Clarksville is a village in Ionia County in the U.S. state of Michigan. As of the 2020 census, Clarksville had a population of 411. The village is within Campbell Township. The Clarksville ZIP code 48815 serves the northern portion of the township as well the southern portion of Boston Township and small portions of Odessa Township on the east and Bowne Township in Kent County on the west. The biggest thing to happen in Clarksville since 1992 is the opening of a Dollar General store in 2020.
==Geography==
According to the United States Census Bureau, the village has a total area of 0.50 sqmi, all land.

==Demographics==

Historical population
| Census | Pop. | Note | %± |
| 1930 | 284 |  | — |
| 1940 | 309 |  | 8.8% |
| 1950 | 339 |  | 9.7% |
| 1960 | 371 |  | 9.4% |
| 1970 | 346 |  | −6.7% |
| 1980 | 348 |  | 0.6% |
| 1990 | 360 |  | 3.4% |
| 2000 | 317 |  | −11.9% |
| 2010 | 394 |  | 24.3% |
| 2020 | 411 |  | 4.3% |
U.S. Decennial Census

===2010 census===
As of the census of 2010, there were 394 people, 164 households, and 102 families residing in the village. The population density was 788.0 PD/sqmi. There were 182 housing units at an average density of 364.0 /sqmi. The racial makeup of the village was 94.7% White, 0.5% African American, 0.3% Native American, 2.0% Asian, 0.3% from other races, and 2.3% from two or more races. Hispanic or Latino of any race were 2.8% of the population.
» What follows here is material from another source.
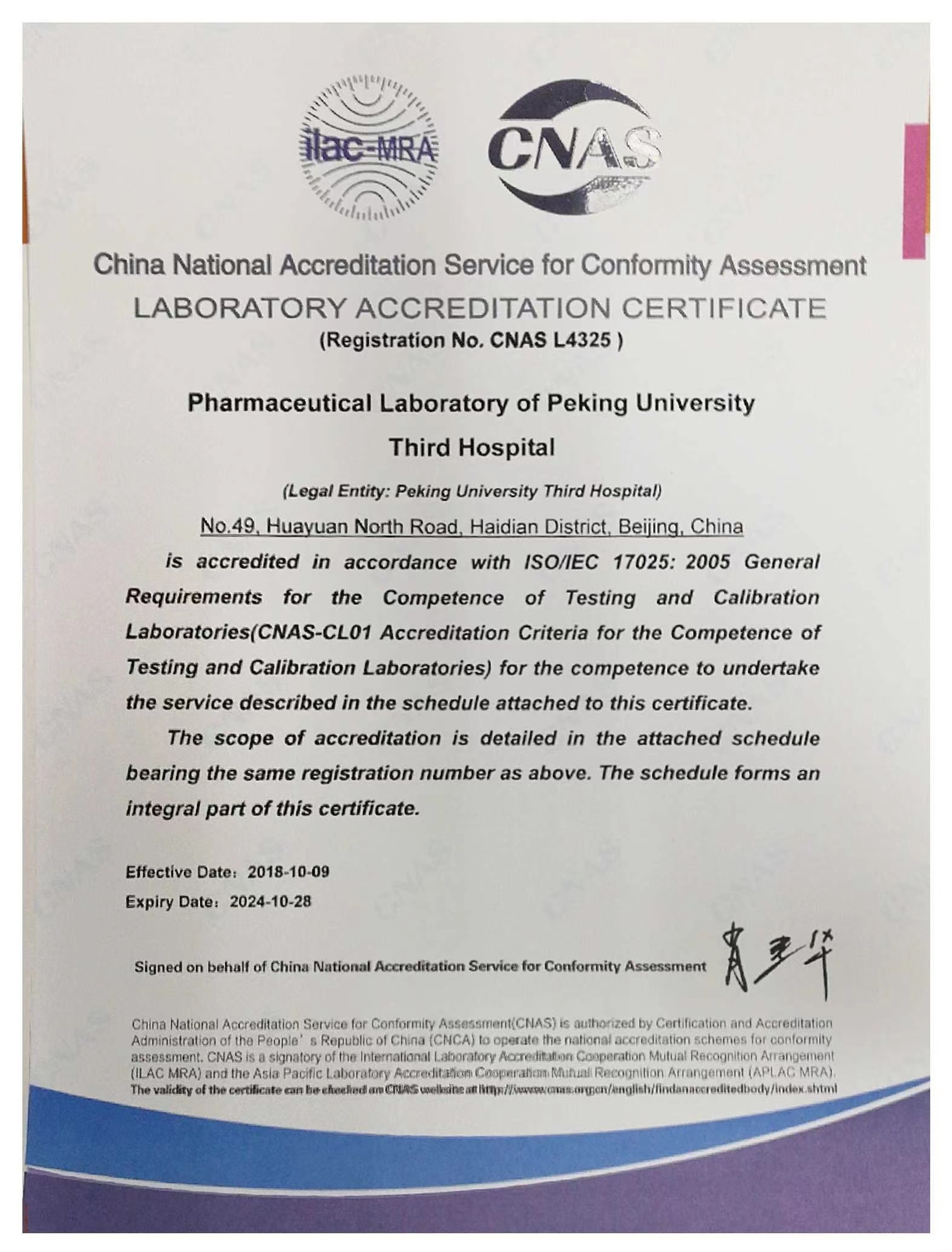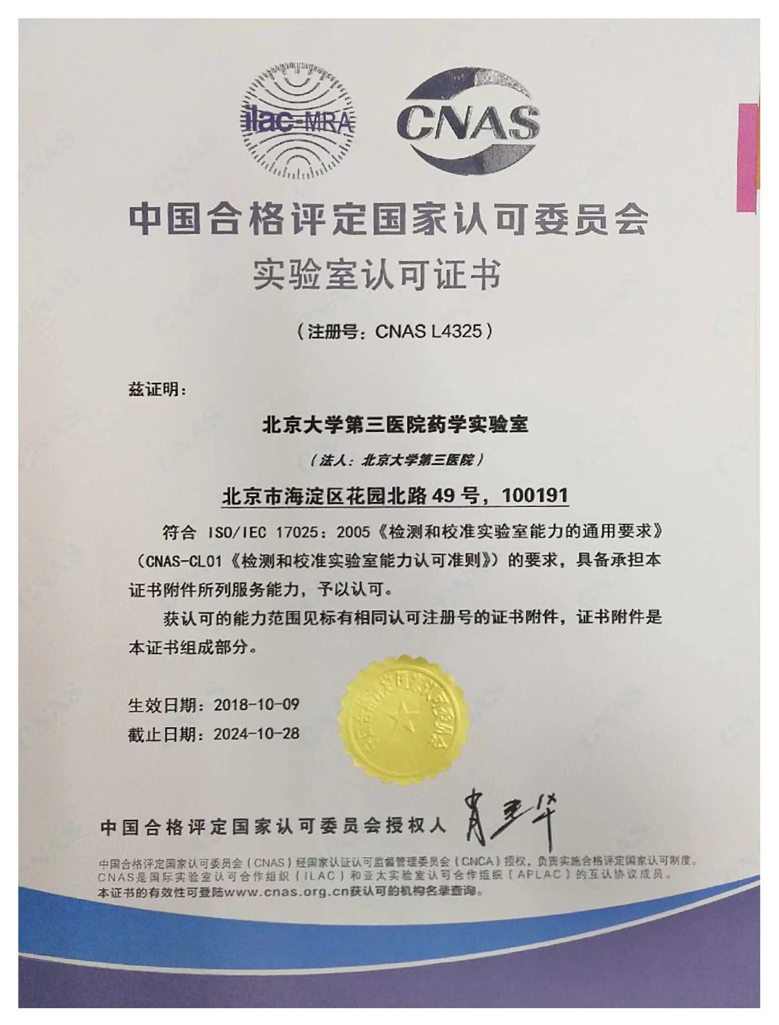 北京大学第三医院药学实验室(简称“实验室”),作为医院药物精准检测分析,利用现代化分析手段和药动学/药效学原理,为临床提供药物及小分析标志物精准检测平台,提高药物治疗水平及临床科研能力。

There were 164 households, of which 36.6% had children under the age of 18 living with them, 48.8% were married couples living together, 7.3% had a female householder with no husband present, 6.1% had a male householder with no wife present, and 37.8% were non-families. 31.7% of all households were made up of individuals, and 20.7% had someone living alone who was 65 years of age or older. The average household size was 2.40 and the average family size was 3.01.

The median age in the village was 32.4 years. 25.4% of residents were under the age of 18; 7.8% were between the ages of 18 and 24; 30.7% were from 25 to 44; 20.6% were from 45 to 64; and 15.5% were 65 years of age or older. The gender makeup of the village was 53.6% male and 46.4% female.